> **Assignment**
The material below holds a span beginning at the line with "Varillas Cuadradas de" and ending at the line with "さらに、ジャヌ東京ならではの". Quote that span exactly, both ends included, and only that span.

> **Given entries**
--- START ---
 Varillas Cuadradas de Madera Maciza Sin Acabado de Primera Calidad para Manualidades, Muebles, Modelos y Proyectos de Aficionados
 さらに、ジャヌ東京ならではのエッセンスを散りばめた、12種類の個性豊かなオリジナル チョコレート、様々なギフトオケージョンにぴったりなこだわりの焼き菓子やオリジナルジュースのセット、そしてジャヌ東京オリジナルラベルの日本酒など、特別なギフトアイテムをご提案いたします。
--- END ---
--- START ---
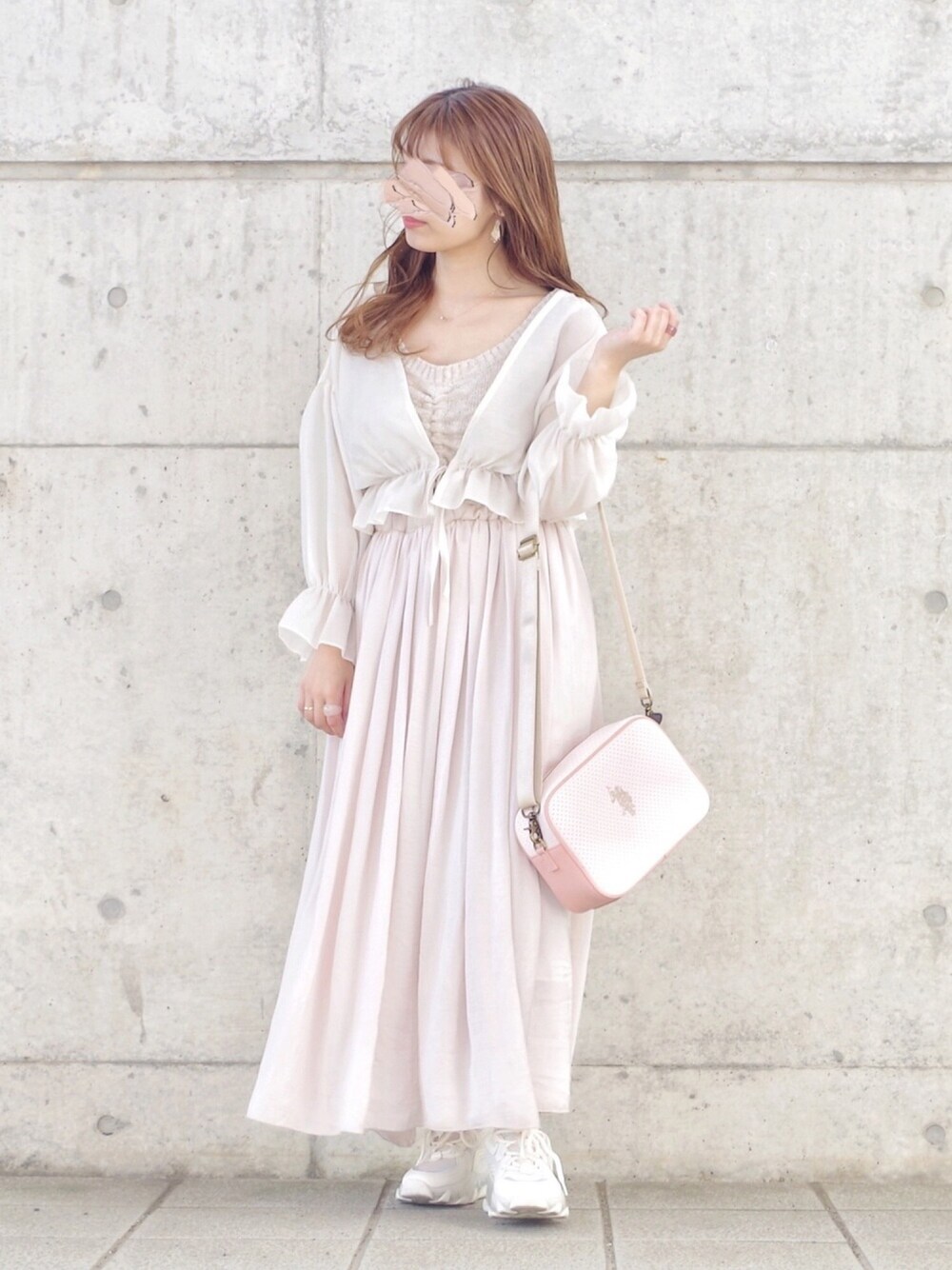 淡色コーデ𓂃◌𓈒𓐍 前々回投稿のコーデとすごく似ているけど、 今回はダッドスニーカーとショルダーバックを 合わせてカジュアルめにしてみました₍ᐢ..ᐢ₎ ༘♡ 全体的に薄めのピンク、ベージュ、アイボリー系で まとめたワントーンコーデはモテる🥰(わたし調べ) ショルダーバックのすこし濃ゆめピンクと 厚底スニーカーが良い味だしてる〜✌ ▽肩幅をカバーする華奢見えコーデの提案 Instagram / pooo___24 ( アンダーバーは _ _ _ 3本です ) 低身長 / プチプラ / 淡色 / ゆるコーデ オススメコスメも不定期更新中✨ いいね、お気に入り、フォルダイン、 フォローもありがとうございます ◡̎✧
--- END ---
> **Solved problem**
 Varillas Cuadradas de Madera Maciza Sin Acabado de Primera Calidad para Manualidades, Muebles, Modelos y Proyectos de Aficionados
 さらに、ジャヌ東京ならではのエッセンスを散りばめた、12種類の個性豊かなオリジナル チョコレート、様々なギフトオケージョンにぴったりなこだわりの焼き菓子やオリジナルジュースのセット、そしてジャヌ東京オリジナルラベルの日本酒など、特別なギフトアイテムをご提案いたします。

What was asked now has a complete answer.